I love how confidently incorrect you are. There’s no 3rd party hack required to bypass the Microsoft account login/sign up requirement. You just do the initial set up of the computer without connecting it to the internet.
Comment on [deleted]
superkret@feddit.org 5 days ago
You’ve bypassed Microsoft’s account requirement using a third party hack, and are now trying to access a Windows service that requires an account.
What did you expect to happen?
earphone843@sh.itjust.works 5 days ago
ayta@lemmy.world 5 days ago
jewbacca117@lemmy.world 5 days ago
Microsoft is going hard on requiring accounts for windows 11. Its one of the many reasons I am considering switching over to Linux entirely.
lordnikon@lemmy.world 5 days ago
Just curious, what’s stopping you from switching ?
ayta@lemmy.world 5 days ago
spizzat2@lemm.ee 5 days ago
Not OP, but mostly inertia. I have a workflow. I have the programs I need to do what I want. Most of it is stuff I’ve had in place for years. Can I do those things on Linux? Probably, but I’d have to look into it.
That being said, my laptop doesn’t officially support Windows 11, so the Windows 10 EoL in October will probably be the “external force” I need to format my drive and switch. Well done, Microsoft.
ultimate@lemm.ee 5 days ago
Not op.
Basically apps like Photoshop, DaVinci Resolve.
DaVinci Resolve for some reason simply doesn’t want to work on my Linux instance. Plus it’s playback is way slower compared to windows. My pc has weak specs so it’s not really Linux’s fault.

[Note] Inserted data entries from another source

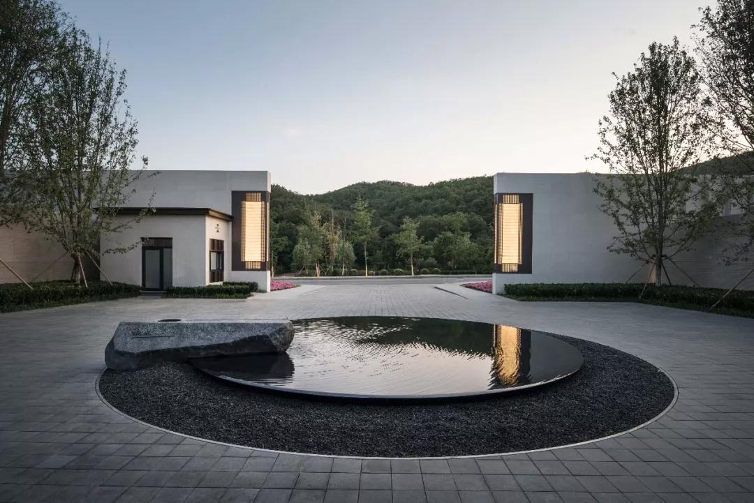 山居,自然美景當(dāng)是角兒。以水為脈,一汪“秋水”將對(duì)面的山巒林木倒映池中,隨著日照的東升西落,水中山景倒影也隨著浮動(dòng)形成一副生動(dòng)的山水畫卷。簡(jiǎn)素古樸的方磚,穩(wěn)重的置石,潺潺清泉,方與圓的原始圖騰搭配,與山林自然的動(dòng)靜呼應(yīng),讓居住的人感受到平靜、安寧,還有一份心之悠遠(yuǎn)。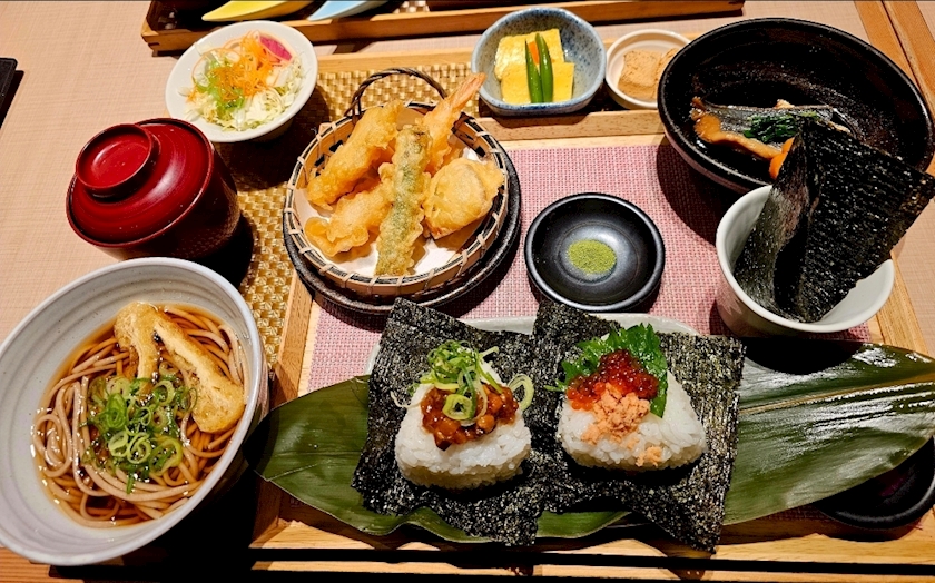 その時に食べたおにぎりと蕎麦御膳。
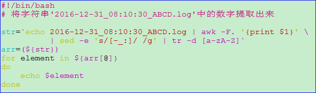 3)字符串是SHELL中最重要的数据类型,其也可通过($str)来转成数组,操作起来非常方便;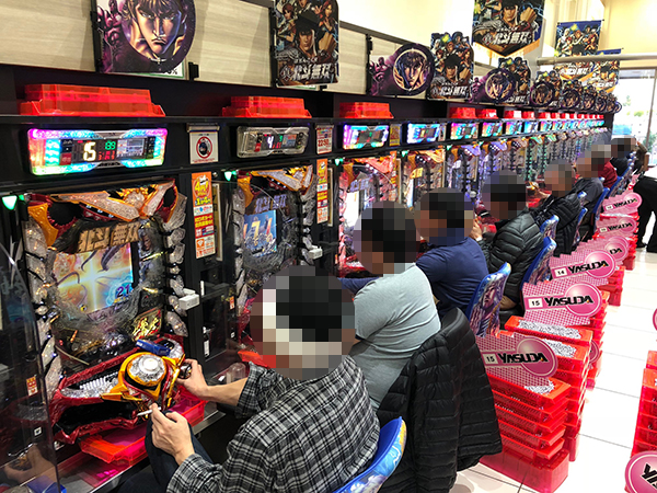 15時過ぎの4円パチンコでは、「ぱちんこCR真・北斗無双」や「ぱちんこCR北斗の拳7 転生」が大好評。華やかなムードがシマ中に広がり、プレイヤーたちの嬉しそうな表情も印象に残っている。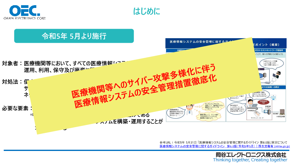 医療機関を攻撃対象とする同種攻撃は近年増加傾向にあり、その脅威は日増しに高まっています。ランサムウェアによるサイバー攻撃事案が発生し、電子カルテの閲覧・利用ができなくなるなど、地域の医療提供体制に影響が出ており、厚労省からも注意喚起がされております。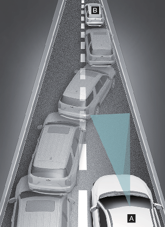 When a vehicle (B) moves into your lane from an adjacent lane, it cannot be detected by the sensor until it is in the sensor's detection range. Smart Cruise Control may not immediately detect the vehicle when the vehicle changes lanes abruptly. In this case, you must maintain a safe braking distance, and if necessary, depress the brake pedal to reduce your driving speed in order to maintain a safe distance.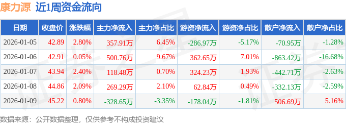 资金流向数据方面,本周康力源主力资金合计净流入917.79万元,游资资金合计净流入284.72万元,散户资金合计净流出1202.5万元。本周资金流向一览见下表:
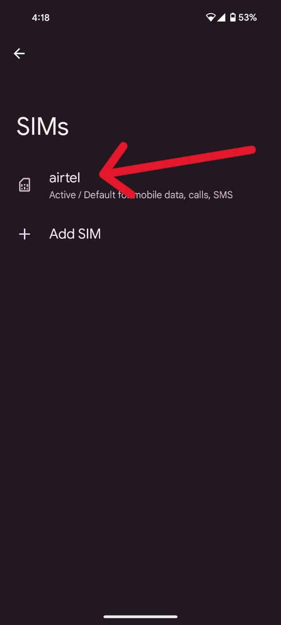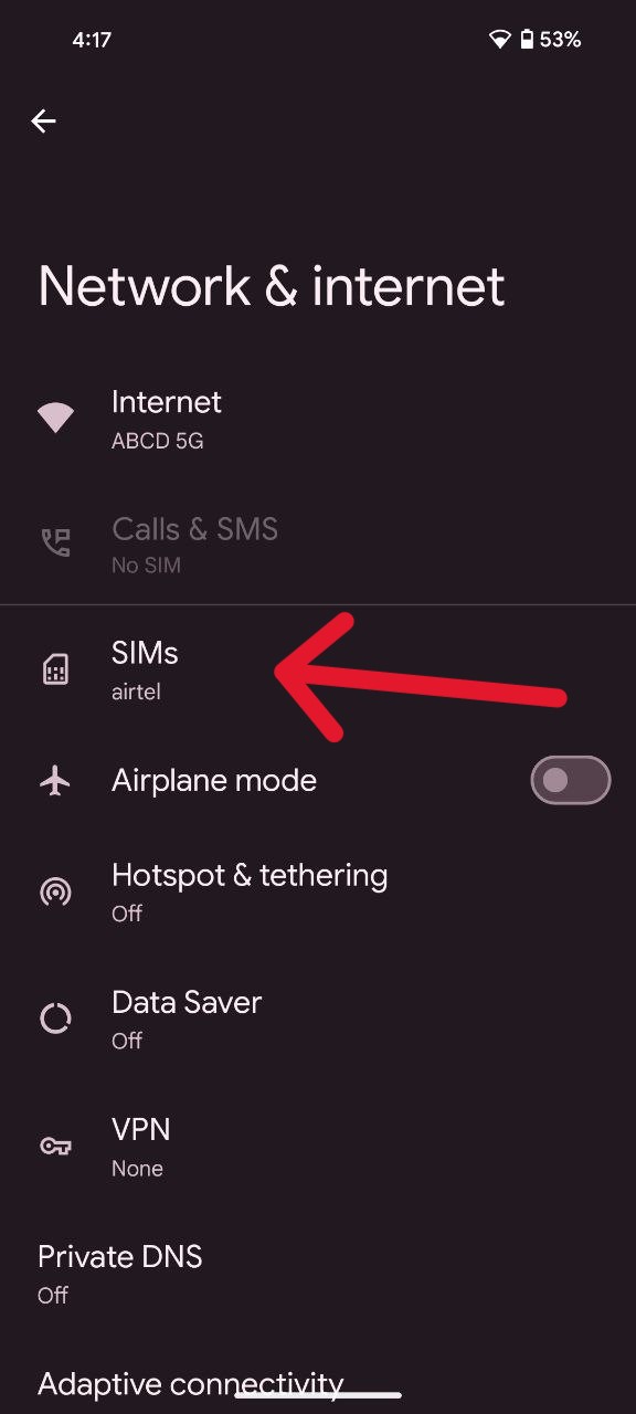 - Now tap on the ‘SIMs’ option.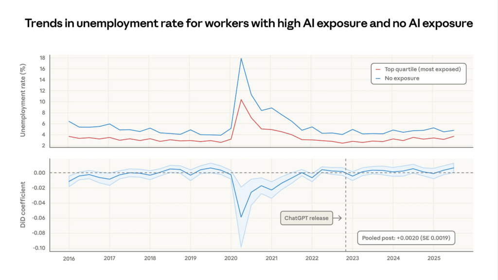 Сравнение темпов роста безработицы среди двух категорий работников. Источник: Anthropic.
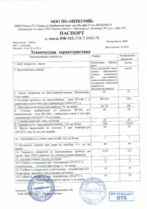 Пример паспорта качества на эмаль ПФ-115 Мастер салатового цвета производства ООО Краски оптом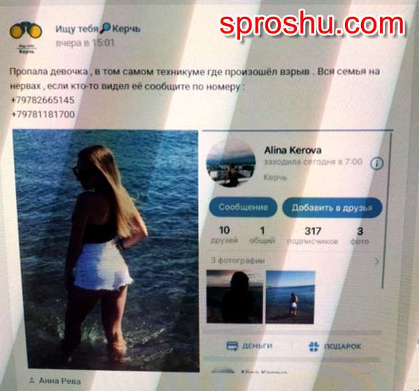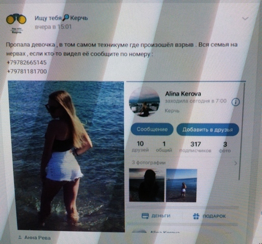 Алина Керова из Керчи - это одна из жертв, которые погибли в результате нападения на политехнический колледж в Керчи 17.10.2018. С самого начала в день этой страшной трагедии Алину Керову уже объявили в розыск.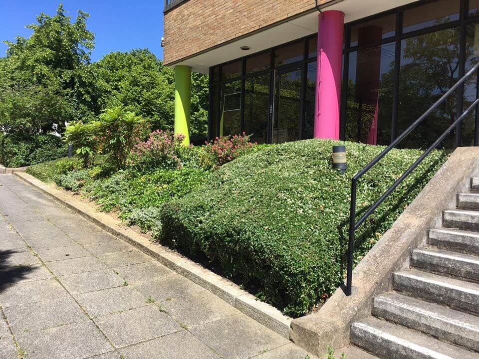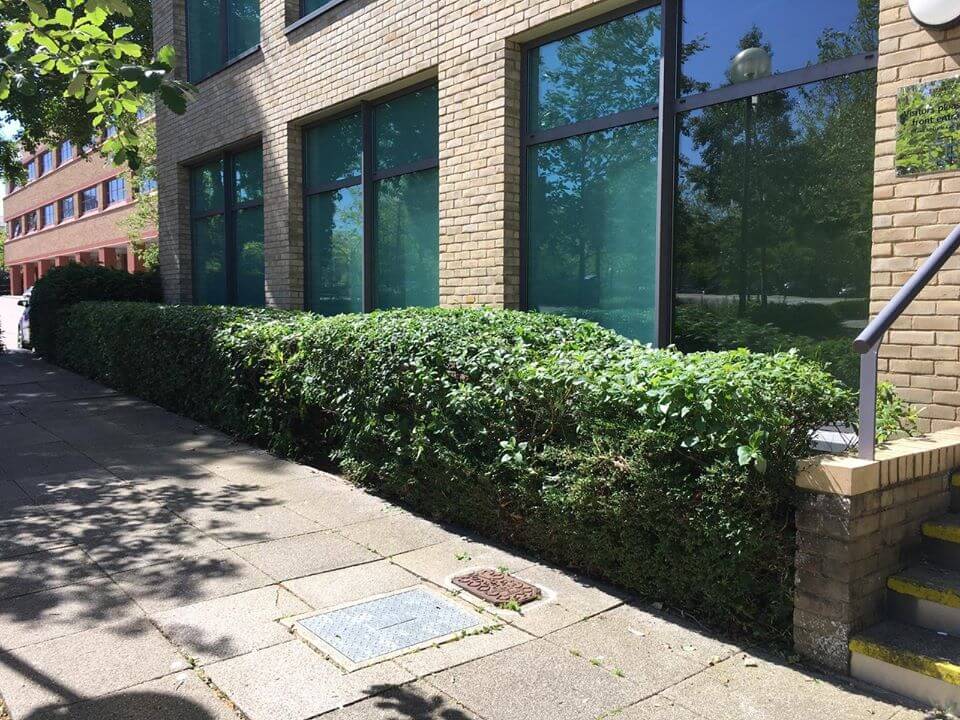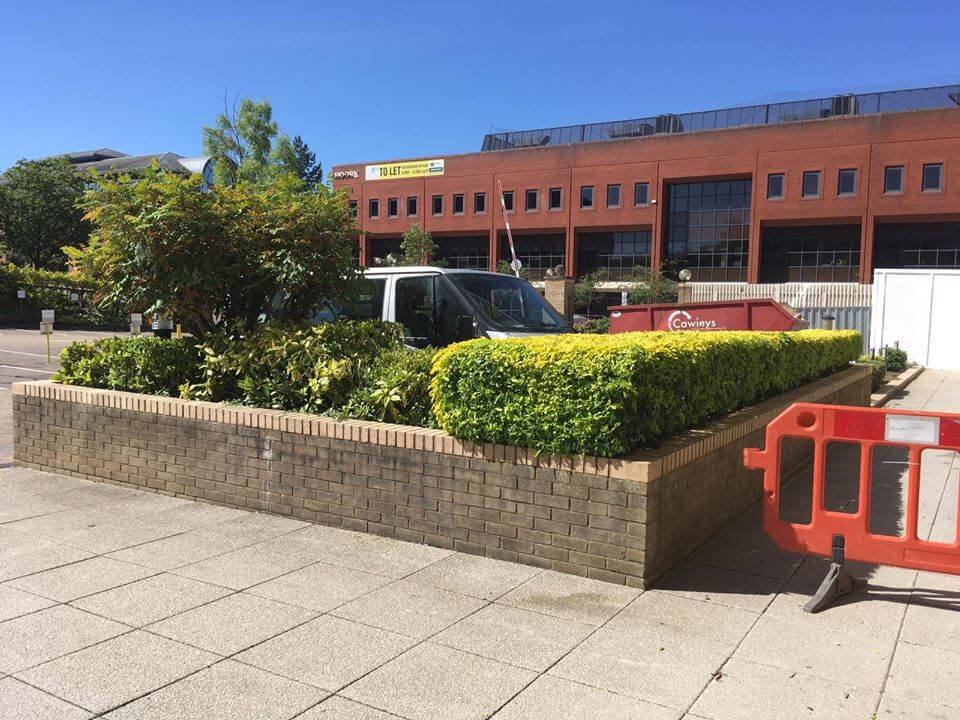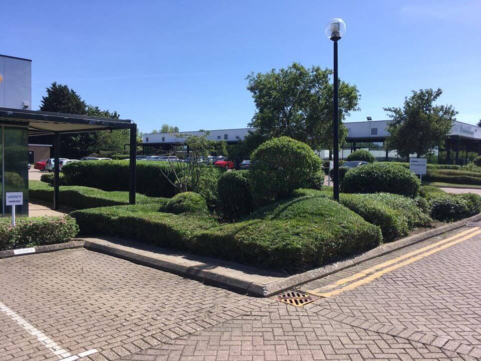 For this project, the Neal Landscapes team were asked to complete landscaping and ground maintenance of the surrounding properties in the area, ensuring that paths we cleared and the properties landscape looked welcoming and presentable. When the team arrived, the bushes were covering the majority of the lower floor windows and had lost their shape; this not only looks scruffy, but also minimises the amount of natural light entering the building. The team immediately began by shaping the bushes and trees to provide a clean-cut and professional finish to the landscape. To add a bit of character and definition to the property, the team also created a step-like feature in the bushes as a unique design to make the property stand out. The landscape now looks clean, and the client is able to enjoy a safe environment as employees slowly return back to work in the weeks to come.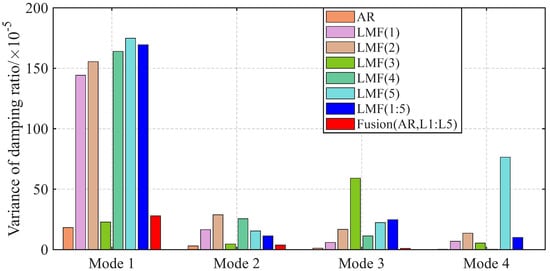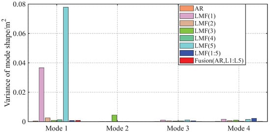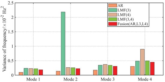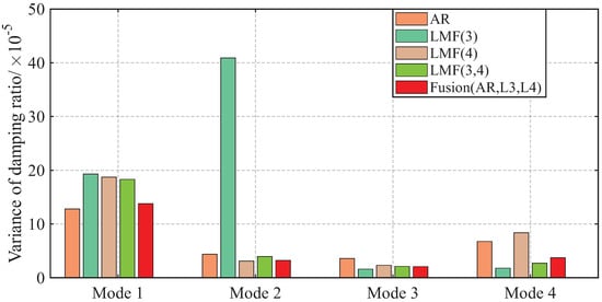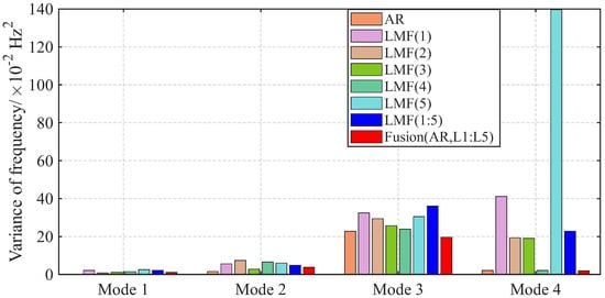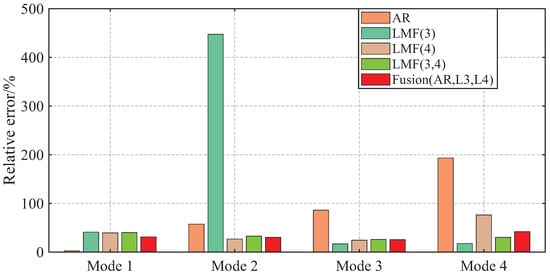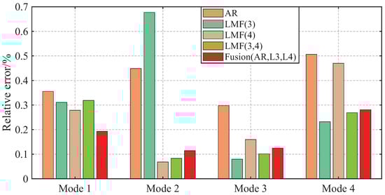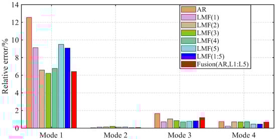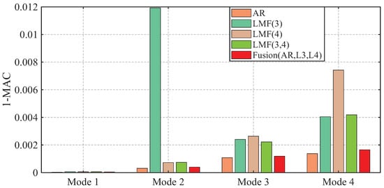 The AREs of the modal frequencies and damping ratios identified by different methods over 1000 simulations are depicted in Figure 4 and Figure 5. The averaged Modal Assurance Criterion (MAC) values between the identified mode shape vectors and the baseline values are given in Figure 6. For ease of notion, LMF means that the modal parameters are identified using the LMF model with the specified columns of the PSF matrix, while Fusion(AR,Li,Lj) is the method fusing the results of the AR, LMF, and LMF models.
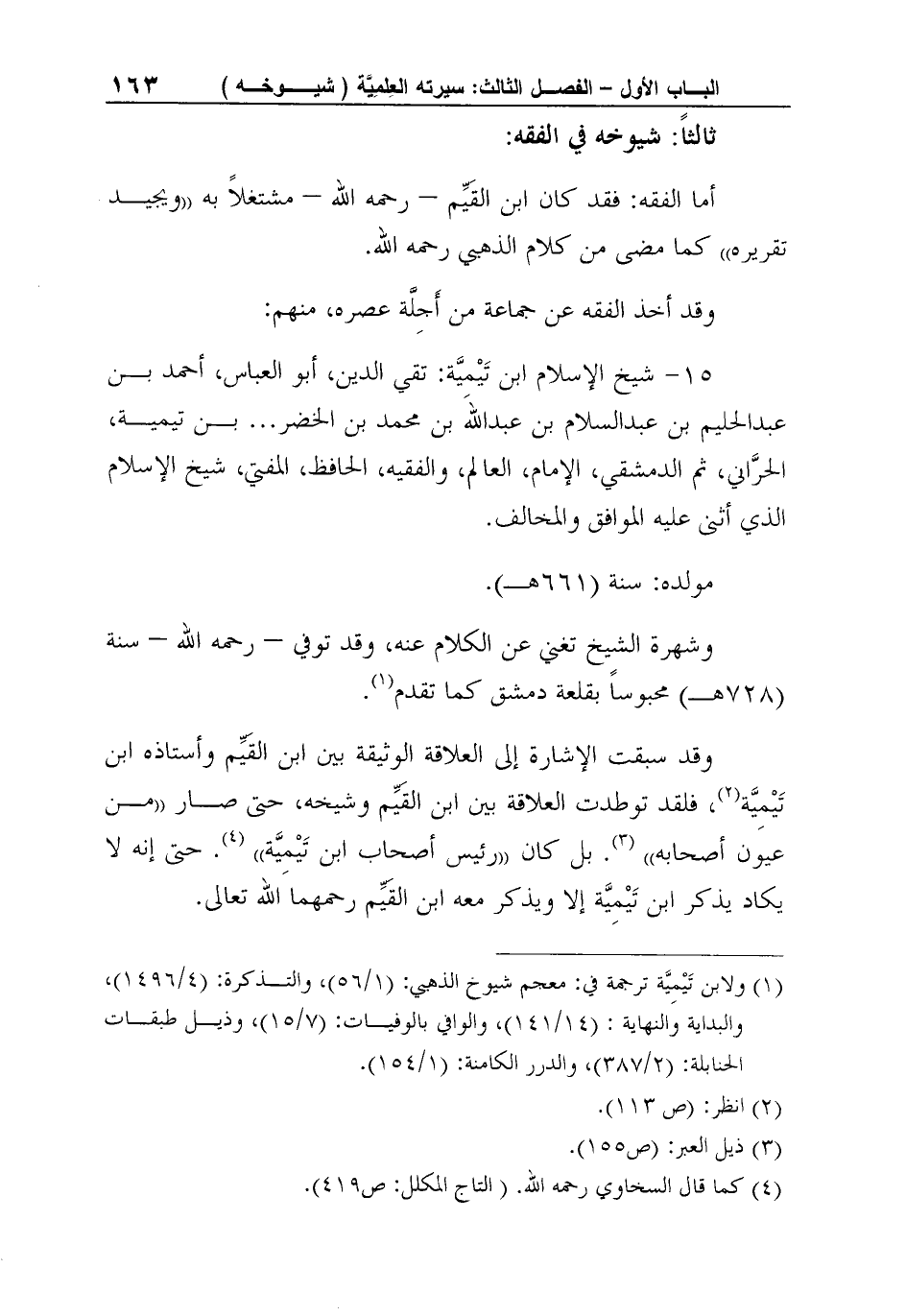 1 ولابن تَيْمِيَّة ترجمة في: معجم شيوخ الذهبي: (1/56) ، والتذكرة: (4/1496) ، والبداية والنهاية: (14/141) ، والوافي بالوفيات: (7/15) ، وذيل طبقات الحنابلة: (2/387) ، والدرر الكامنة: (1/154) .
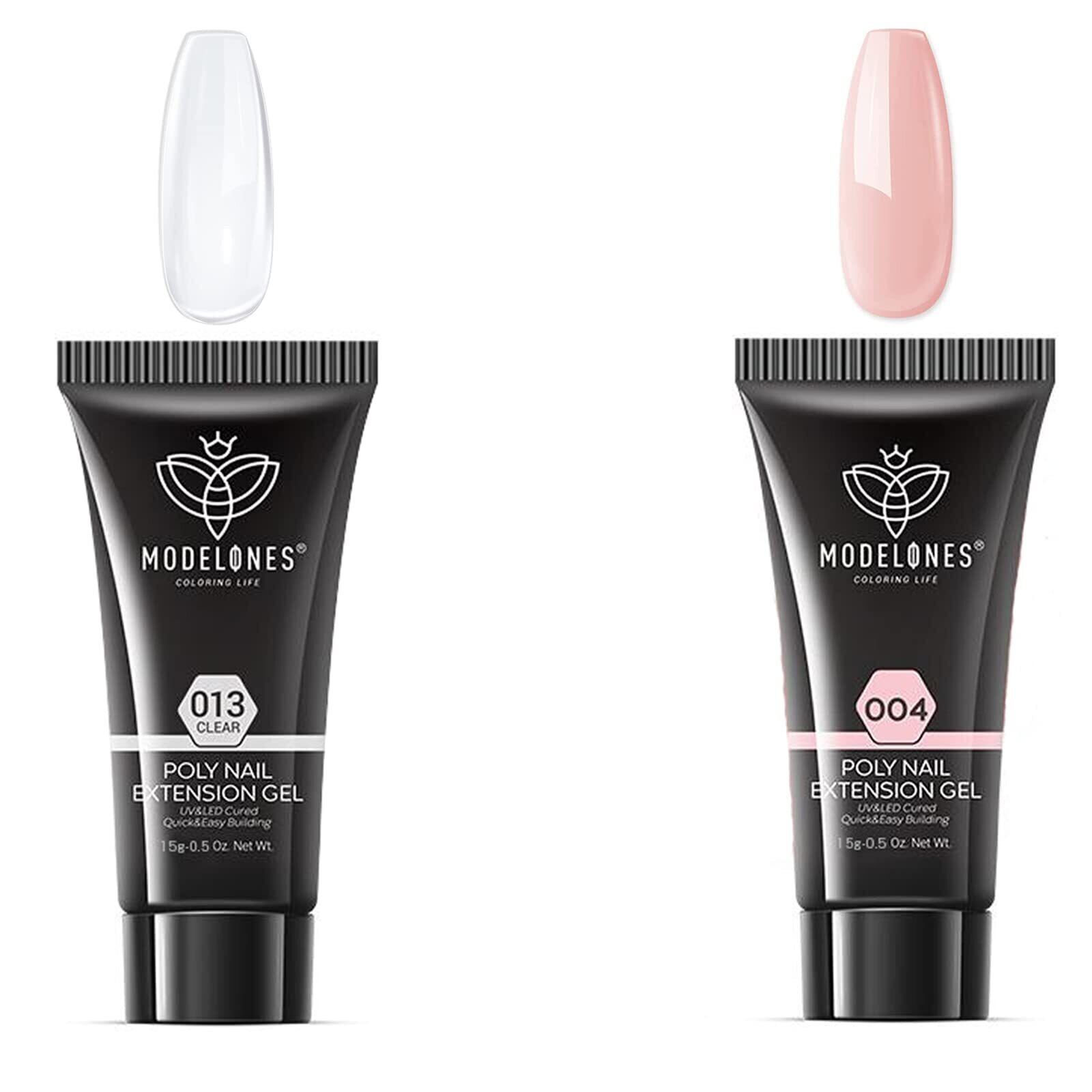 modelones ポリネイルジェル 長さだしジェルネイル カラージェル エクステンションジェル ジェル ポリッシュ二つ色セットUV/LEDライト対応 初心者用 (ナチュラルピンク&クリア)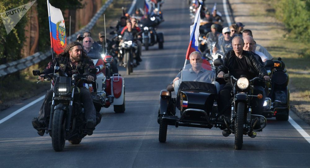 Οδηγώντας μοτοσυκλέτα Ural έφτασε στη διεθνή έκθεση μοτοσυκλέτας «Shadow of Babylon» που διοργάνωσε το «Night Wolves» στην Κριμαία, ο Ρώσος πρόεδρος Βλαντιμίρ Πούτιν.

Plus it says my GPU isn’t supported in DaVinci on Linux while it does on Windows.
VST plug-ins for DAW.
Games like Valorant doesn’t run on Linux.
I like Linux. But devs don’t want to support Linux at the moment because of low market share.
Some apps need to be natively available on Linux. Wine isn’t sufficient for running windows apps a lot of times. Especially in a professional setting.
Hopefully Linux market share increases in the future. It’ll drive developers to write Linux native apps.
Would be sick to fully switch to Linux. Waiting for that day.